With leading scorer Sam Young saddled early with foul problems and struggling to find open looks, it was Fields and Blair carrying the Panthers scoring.
Fields scored the final five points of the first half to get the Panthers within 37-34. Then it was Fields, Blair and Mike Cook combining for 25 of Pitt's first 30 points of the second half. Blair scored six straight at one point and Cook's 3-pointer with 6:23 left gave the Panthers a 65-56 lead.
Blair finished with 16 points and 14 rebounds and Cook scored 14 points.
"It was electrifying. I loved it," Blair said. "I learned a lot."
Young then started forcing his way into the game, scoring six of his 14 in the final 4 minutes. Brockman's tip-in and Quincy Pondexter's deep 3-pointer with 3:23 left got Washington back within 69-65. Young then slammed a powerful baseline dunk and hit a tough left-hander in traffic to keep the Panthers lead at five.
Appleby hit two 3-pointers and Pondexter added another in the final 93 seconds to give Washington a chance. Appleby's second came with 6.8 seconds left.
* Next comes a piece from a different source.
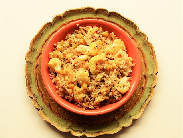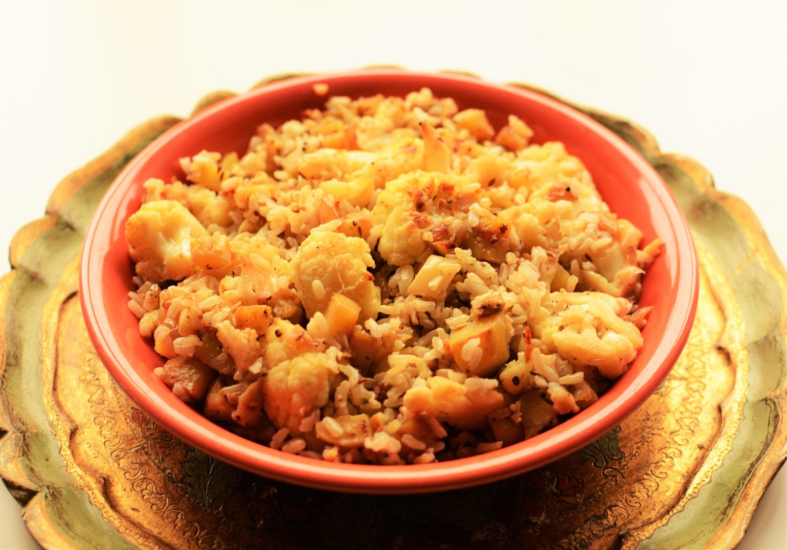 W moździerzu utrzeć kardamon, kumin, gorczycę i chilli, tak aby je dość mocno rozdrobnić. Czosnek i imbir zetrzeć na drobnych oczkach, cebule pokroić w kostkę. Na suchą patelnię wrzucić przyprawy z moździerza i pozwolić by się lekko przyrumieniły i wydobyły aromat. Dodać imbir i czosnek oraz dwie łyżki oleju kokosowego. Dodać cebulę, wymieszać i smażyć chwilę. Następnie dodać kalafior rozdrobniony na niewielkie, równej wielkości kawałki oraz ziemniaki obrane i pokrojone w niewielką kostkę. Wymieszać, posolić i smażyć aż warzywa będą nie tylko przyrumienione ale i miękkie. Dodać asafetydę, wymieszać i smażyć jeszcze chwilę. Dodać ryż i podawać.
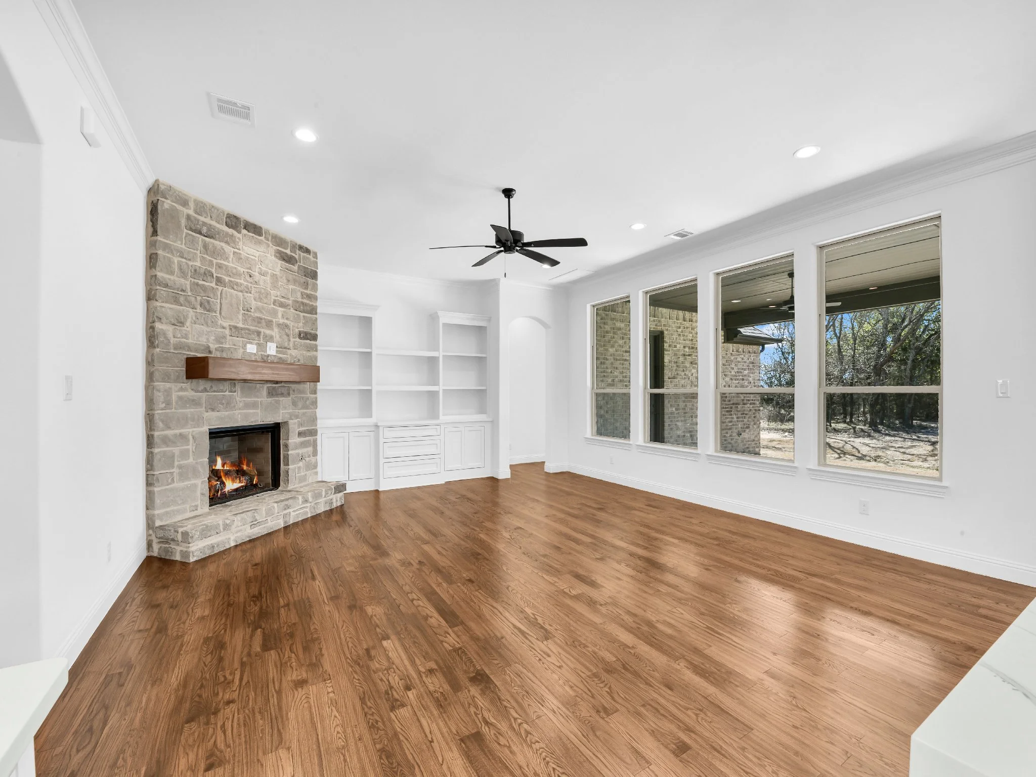 Spacious living room with a stone fireplace, hardwood floors, built-in white shelves, a large ceiling fan, and multiple large windows offering natural light.

Fields was fouled in the backcourt. He made both ends of a 1-and-1 with 22 seconds left, but missed the front end this time, setting off the crazy final moments.
Washington saw its 31-game non-conference home winning streak end. The Huskies last non-conference home loss was to Gonzaga on Dec. 3, 2003.
"Our guys were hanging in there all the way to the end," Washington coach Lorenzo Romar said.